Innovative Program Allows Incarcerated People to Earn Master’s Degree
Research shows that the number of incarcerated people who re-offend or violate their parole after release goes down when they participate in educational opportunities. A 2019 RAND Corp. study estimated that every dollar spent on higher education in prison could save the state five dollars by reducing the number of former inmates who return.
CSUDH is playing a key role in this process with the newly launched Master of Arts in Humanities program. The program, abbreviated as HUX, was developed in partnership with the California Department of Corrections and Rehabilitation. It’s the first fully accredited graduate degree exclusively for incarcerated individuals in California.

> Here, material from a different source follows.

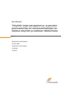 Vertailuun ja lähempään tarkasteluun valittiin neljä suurinta liikepankkia, joilla on tarjota useita erilaisia rahoitusinstrumentteja taloyhtiöille ja yksittäisille osakkaille. Pankkien tarjoamien tuotteiden nimet ja ehdot vaihtelevat paljon. Työssä selvitettiin eri rahoitusmallien eroja, tehtiin vertailuja, kerrottiin niiden hyvistä ja huonoista puolista yksittäisen osakkaan näkökulmasta. Työssä pohdittiin myös, miten lainarahoituksen hinta, kehitysodotukset ja saatavuus vaikuttavat tulevaisuudessa taloyhtiöiden isojen korjaushankkeiden toteuttamisessa.

The first HUX cohort started in September, with 33 students across multiple facilities. They committed to two years of coursework, focusing on subjects within the field of humanities that reflect their own interests and goals. Coursework can be completed via a combination of email, letters, phone conversations, and independent study.
CSUDH originally established HUX as a series of correspondence classes in the 1970s, and hundreds of students earned their degrees before the program ended in 2016. When HUX Program Director Matthew Luckett began working with the state to reboot it four years later, the timing was right: Congress passed legislation later that year making incarcerated people eligible for federal Pell Grant funding for the first time since 1994.
That’s provided a boost to prison education programs around the country, and Luckett says the investment should pay off, especially for an institution dedicated to social justice like CSUDH. “Few programs, academic or otherwise, have as high of a return on investment as prison education programs,” he says. “Our students don’t just stay out of jail—they become leaders in their communities.”